Problem to work on: Required from the data below: the exact lines starting at the line containing "گروه شهری گزین" and ending at the line containing "intimus 16.86 SmartShred ( Prensa de Balas )", with both ends kept and all pictures dropped.

Information given:
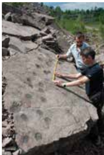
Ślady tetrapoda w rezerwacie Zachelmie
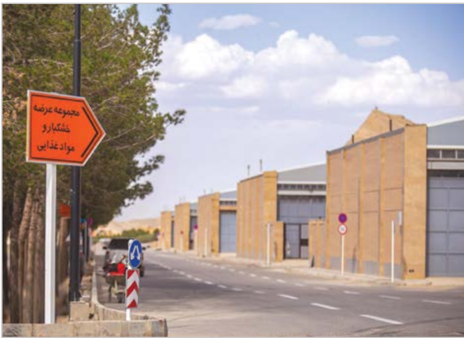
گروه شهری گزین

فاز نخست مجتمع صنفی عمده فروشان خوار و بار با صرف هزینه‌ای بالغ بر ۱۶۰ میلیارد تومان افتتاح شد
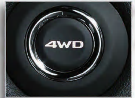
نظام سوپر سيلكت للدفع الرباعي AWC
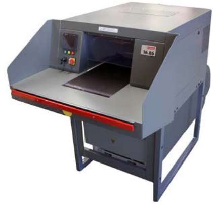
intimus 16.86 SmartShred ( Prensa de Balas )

==

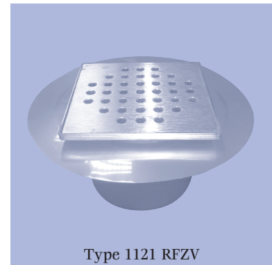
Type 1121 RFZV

Result for this task:
گروه شهری گزین

فاز نخست مجتمع صنفی عمده فروشان خوار و بار با صرف هزینه‌ای بالغ بر ۱۶۰ میلیارد تومان افتتاح شد
نظام سوپر سيلكت للدفع الرباعي AWC
intimus 16.86 SmartShred ( Prensa de Balas )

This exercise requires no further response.